** Opening RECORDS PROVIDED block **

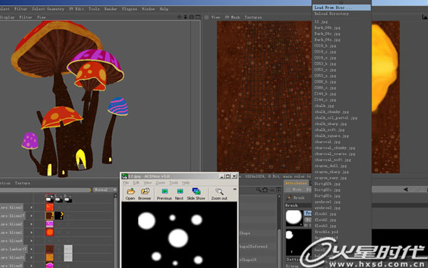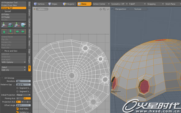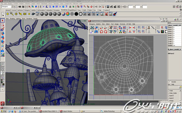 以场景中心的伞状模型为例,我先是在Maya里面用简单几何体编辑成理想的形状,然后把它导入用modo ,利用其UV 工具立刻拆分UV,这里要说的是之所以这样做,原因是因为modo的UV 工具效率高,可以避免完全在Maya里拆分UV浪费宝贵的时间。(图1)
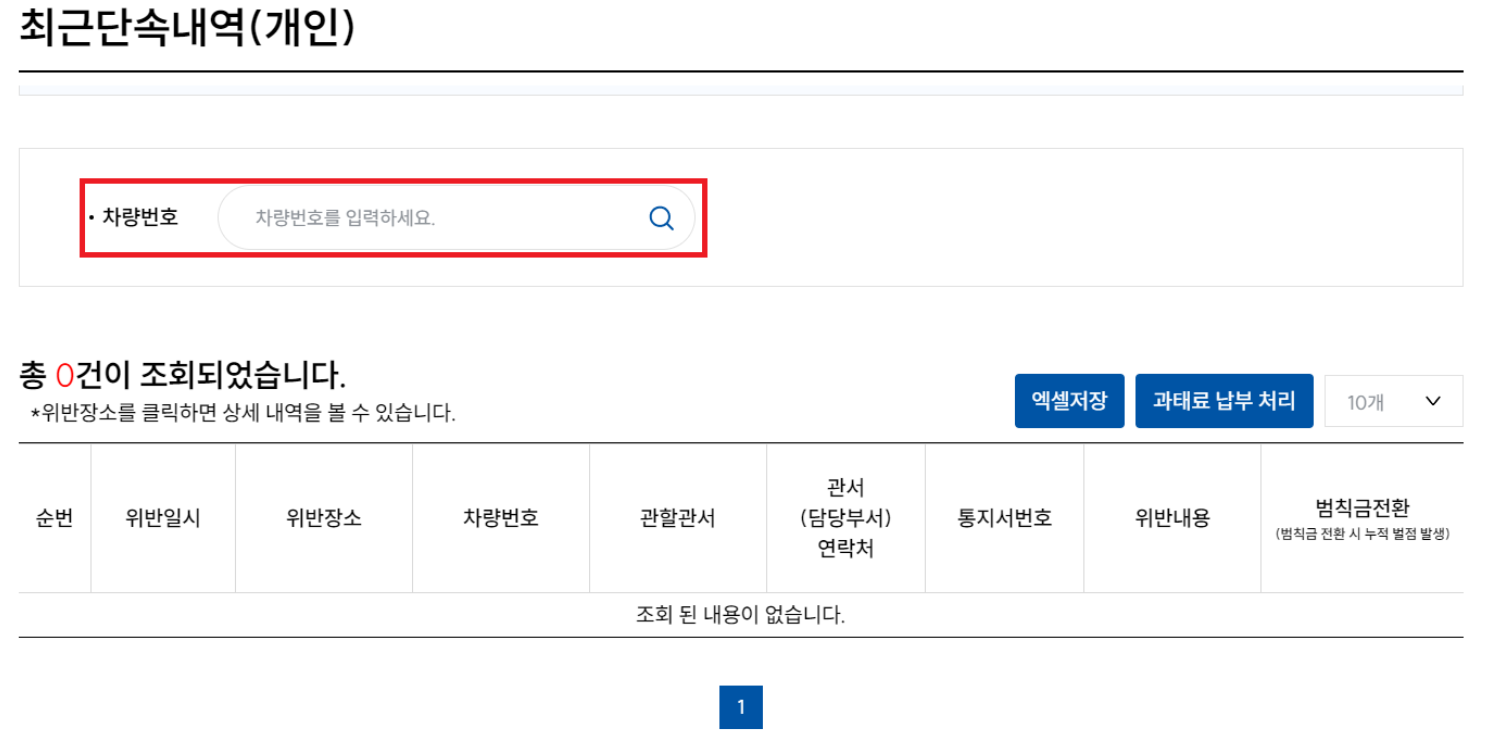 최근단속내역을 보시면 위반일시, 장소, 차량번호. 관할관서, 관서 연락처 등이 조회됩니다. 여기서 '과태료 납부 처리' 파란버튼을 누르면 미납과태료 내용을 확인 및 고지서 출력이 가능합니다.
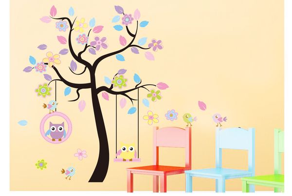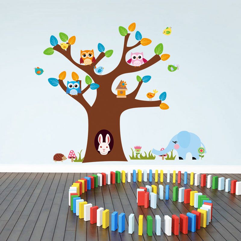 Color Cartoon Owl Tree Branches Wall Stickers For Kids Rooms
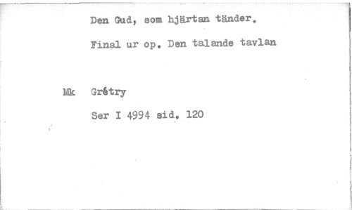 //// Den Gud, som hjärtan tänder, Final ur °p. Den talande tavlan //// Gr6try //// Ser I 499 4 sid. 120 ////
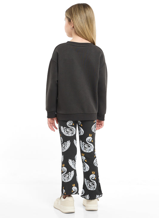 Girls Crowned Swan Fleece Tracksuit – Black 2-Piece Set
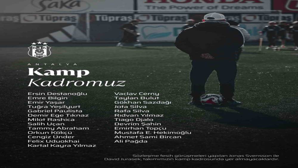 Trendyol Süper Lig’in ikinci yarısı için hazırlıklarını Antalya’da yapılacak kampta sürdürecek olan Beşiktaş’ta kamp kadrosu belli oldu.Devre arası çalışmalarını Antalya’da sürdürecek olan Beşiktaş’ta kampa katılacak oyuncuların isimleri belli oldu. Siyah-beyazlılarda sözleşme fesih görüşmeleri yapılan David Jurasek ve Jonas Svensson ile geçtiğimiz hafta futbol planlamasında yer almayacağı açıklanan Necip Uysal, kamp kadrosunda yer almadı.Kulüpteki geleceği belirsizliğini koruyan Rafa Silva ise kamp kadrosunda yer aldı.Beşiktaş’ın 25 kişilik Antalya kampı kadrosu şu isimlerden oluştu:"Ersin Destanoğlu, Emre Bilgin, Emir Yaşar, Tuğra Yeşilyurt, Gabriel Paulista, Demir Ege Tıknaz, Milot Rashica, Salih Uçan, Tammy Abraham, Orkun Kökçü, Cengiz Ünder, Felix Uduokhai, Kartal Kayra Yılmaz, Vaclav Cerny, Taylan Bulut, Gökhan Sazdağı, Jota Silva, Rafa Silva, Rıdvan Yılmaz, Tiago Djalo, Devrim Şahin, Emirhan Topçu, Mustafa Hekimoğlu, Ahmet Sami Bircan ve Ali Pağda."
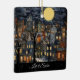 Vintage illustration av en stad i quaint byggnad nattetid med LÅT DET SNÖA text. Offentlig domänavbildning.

** Closing RECORDS PROVIDED block **
** Opening RECORDS PROVIDED block **

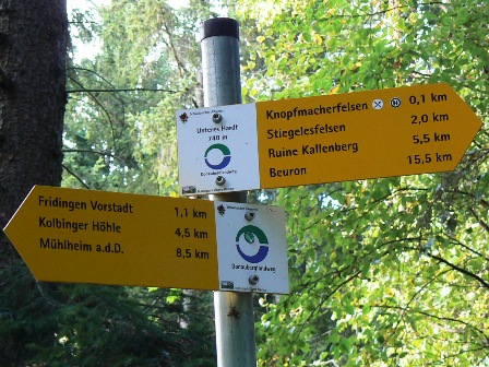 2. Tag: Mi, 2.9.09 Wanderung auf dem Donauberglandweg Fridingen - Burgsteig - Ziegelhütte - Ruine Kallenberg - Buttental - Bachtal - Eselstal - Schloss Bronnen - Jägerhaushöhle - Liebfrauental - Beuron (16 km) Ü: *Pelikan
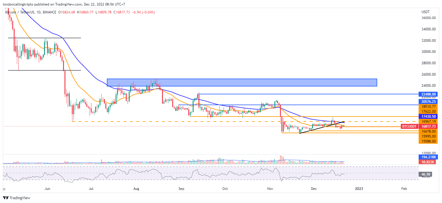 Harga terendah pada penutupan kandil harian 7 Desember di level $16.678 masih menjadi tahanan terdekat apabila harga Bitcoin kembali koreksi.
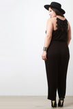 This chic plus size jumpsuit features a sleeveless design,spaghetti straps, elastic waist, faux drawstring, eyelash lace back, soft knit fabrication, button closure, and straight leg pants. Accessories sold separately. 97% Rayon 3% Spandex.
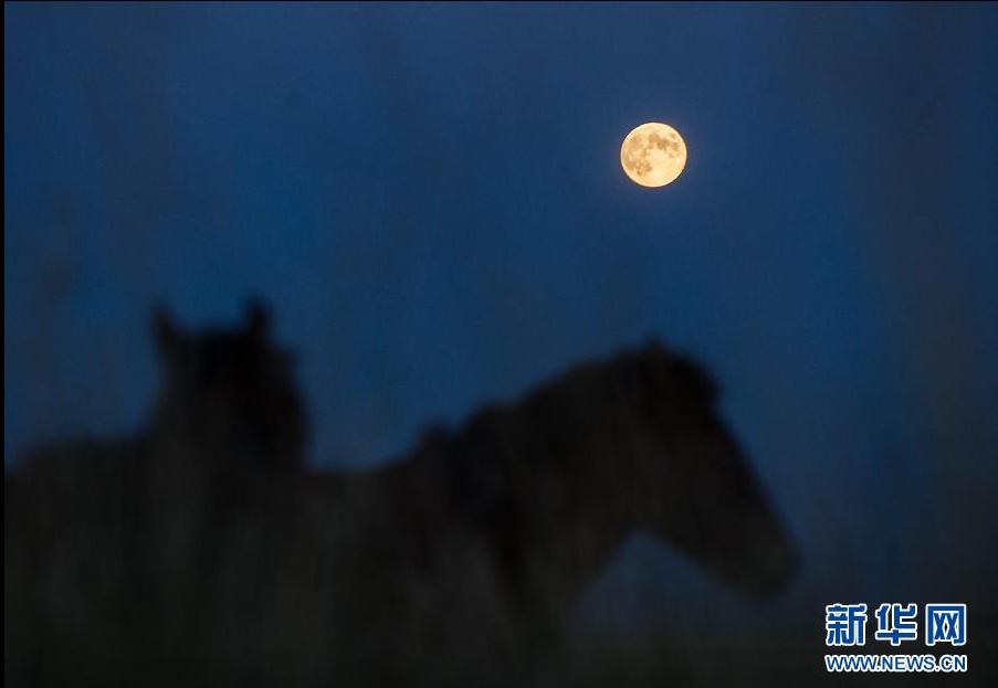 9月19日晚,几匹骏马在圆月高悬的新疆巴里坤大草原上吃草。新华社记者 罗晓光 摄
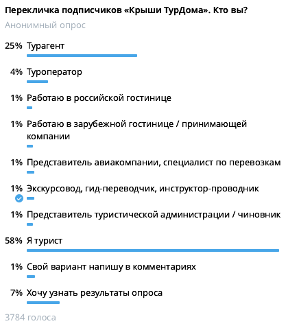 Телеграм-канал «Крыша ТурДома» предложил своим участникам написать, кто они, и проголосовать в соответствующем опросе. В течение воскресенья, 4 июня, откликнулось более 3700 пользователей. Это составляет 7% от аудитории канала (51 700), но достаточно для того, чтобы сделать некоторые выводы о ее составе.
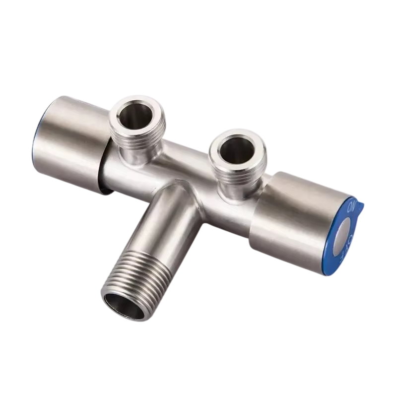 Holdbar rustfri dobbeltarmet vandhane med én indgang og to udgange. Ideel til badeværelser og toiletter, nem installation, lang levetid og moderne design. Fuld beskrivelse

** Closing RECORDS PROVIDED block **

*ACTIVITY*. Reproduce exactly the lines above that run from the one with "최근단속내역을 보시면 위반일시, 장소, 차량번호." to the one with "Girls Crowned Swan", both included, leaving pictures out.

*COMPLETED EXERCISE*.
 최근단속내역을 보시면 위반일시, 장소, 차량번호. 관할관서, 관서 연락처 등이 조회됩니다. 여기서 '과태료 납부 처리' 파란버튼을 누르면 미납과태료 내용을 확인 및 고지서 출력이 가능합니다.
 Color Cartoon Owl Tree Branches Wall Stickers For Kids Rooms
 //// Den Gud, som hjärtan tänder, Final ur °p. Den talande tavlan //// Gr6try //// Ser I 499 4 sid. 120 ////
 Girls Crowned Swan Fleece Tracksuit – Black 2-Piece Set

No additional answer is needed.